# Simulation and Utilities

In Tetrad, simulation and related utilities are organized around **boxes on the workbench**.  
You compose workflows by connecting **Graph**, **Parametric Model**, **Instantiated Model**, **Simulation**,  
**Data**, **Search**, **Grid Search**, and **Compare** boxes rather than using a global Tools menu.

![](../../_static/images/tetrad-interface/overview/simulate-data-dialog.png)

![](../../_static/images/tetrad-interface/overview/utility-dialog.png)

## Simulating data on the workbench

There are two common ways to simulate data from a model in Tetrad, both using boxes.

### 1. Quick simulation from a graph

A simple workflow is:

1. Place a **Simulation** box on the workbench and (optionally) connect it to a **Graph** box  
   that supplies a causal DAG.
2. Double-click the **Simulation** box to open its configuration dialog.
3. Configure:
    - Number of cases (sample size),
    - Error distributions (Gaussian, non-Gaussian, etc.),
    - Whether to add measurement error or missingness.
4. Click **Simulate**.

The Simulation box then produces:

- A **graph node** representing the generative structure (if one was specified), and
- A **data node** representing the simulated data set.

You can connect this data directly to a **Search** box to run a causal search on the simulated data.

### 2. Simulation from a parametric or instantiated model

For more structured workflows:

1. Use a **Graph** box plus a **Parametric Model** box to define a model family (Bayes, SEM, Hybrid, Generalized),
   or start from an **Instantiated Model** box that already contains a fitted model.
2. Connect the Parametric/Instantiated Model box to a **Simulation** box.
3. Connect the Simulation box to a **Data** box (to hold the simulated data) and then to a **Search** box.

In this setup you can:

- Generate simulated data directly from a fully specified statistical model.
- Immediately run search algorithms on the simulated data in the same pipeline.
- Repeat runs by changing model parameters, simulation settings, or search configurations and re-running
  the connected boxes.

Simulation is useful for:

- Benchmarking algorithms on **known ground-truth** graphs or models.
- Creating **teaching examples**.
- Exploring the impact of different **noise models**, **sample sizes**, and **missingness mechanisms**.

## Resampling and bootstrap workflows

Some Simulation configurations and related boxes support **resampling**:

- **Bootstrap resampling** of an existing data set,
- Subsampling or repeated-split strategies to assess the stability of learned graphs or parameter estimates.

A typical pattern is:

1. Start with a **Data** box that points to your original data.
2. Attach a **Simulation** or resampling-oriented box that takes this Data box as input and produces
   **new Data boxes** representing bootstrap samples or resampled data sets.
3. Connect those resampled Data boxes to **Search** or **Grid Search** boxes to:
    - Evaluate stability of adjacencies and orientations,
    - Summarize performance across repeated samples.

These resampling pipelines integrate naturally with stability-oriented tools such as **CStaR** and with
Grid Search (see below).

## Grid Search (overview)

The **Grid Search** box (documented in a separate detail callout) lets you explore how algorithm performance
depends on parameter choices.

With Grid Search you can:

- Choose a **base algorithm configuration** (for example, a Search box using FGES or PC).
- Specify a grid of parameter values (for example, different `alpha` levels or penalty discounts).
- Run the algorithm for every combination in the grid.
- Collect results as:
    - Tables of performance or fit statistics,
    - Sets of graphs that can be compared or summarized.

On the workbench, Grid Search fits naturally into pipelines such as:

- **Data → Search → Compare** (single configuration),
- **Data → Grid Search → Compare** (multiple configurations),
- **Data → Simulation → Grid Search → Compare** (simulation studies over parameter grids).

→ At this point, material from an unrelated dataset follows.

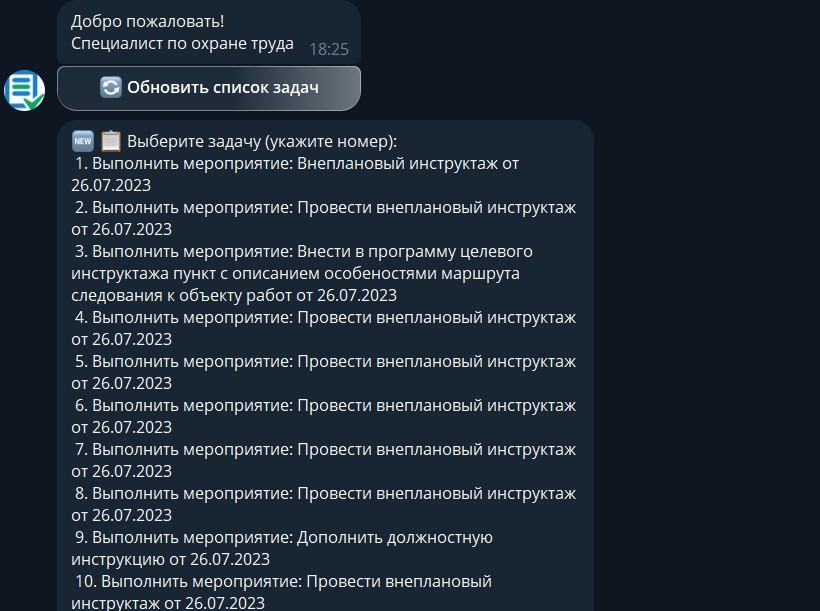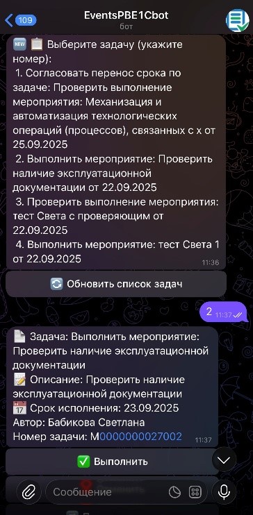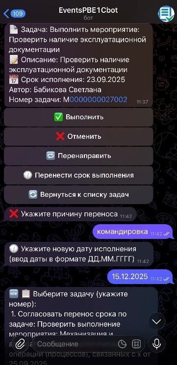 • исполнение / перенаправление / перенос срока выполнения мероприятий через чат-бот;

For details, see **Detail: Grid Search**.

## Other utilities

In the version of Tetrad described in this manual, additional utilities are also expressed as boxes and
connections between them. Common patterns include:

- **Data transformations**  
  Attach a new **Data** box to an existing one and select a **transformation** (for example, variable
  selection, standardization, or simple recoding). The new Data box represents the transformed data set.
- **Graph conversions and checks**  
  Use boxes that convert graphs between types (e.g., DAG ↔ CPDAG ↔ PAG) or simplify graphs by removing
  certain edge types. Other boxes check that graphs satisfy **type-specific constraints** (for example,
  acyclicity, valid PAG markings, or legal MAG/PAG edge endpoints).
- **Model checking and diagnostics**  
  Boxes such as **Markov Check** attach to a graph and a Data box to evaluate whether a model is
  approximately Markov with respect to the data and to summarize deviations.

Several of these utilities are documented in their own pages elsewhere in the manual
(for example, **Detail: Grid Search** and **Detail: Markov Check**). Refer to the table of contents for
links to those tools and their usage patterns.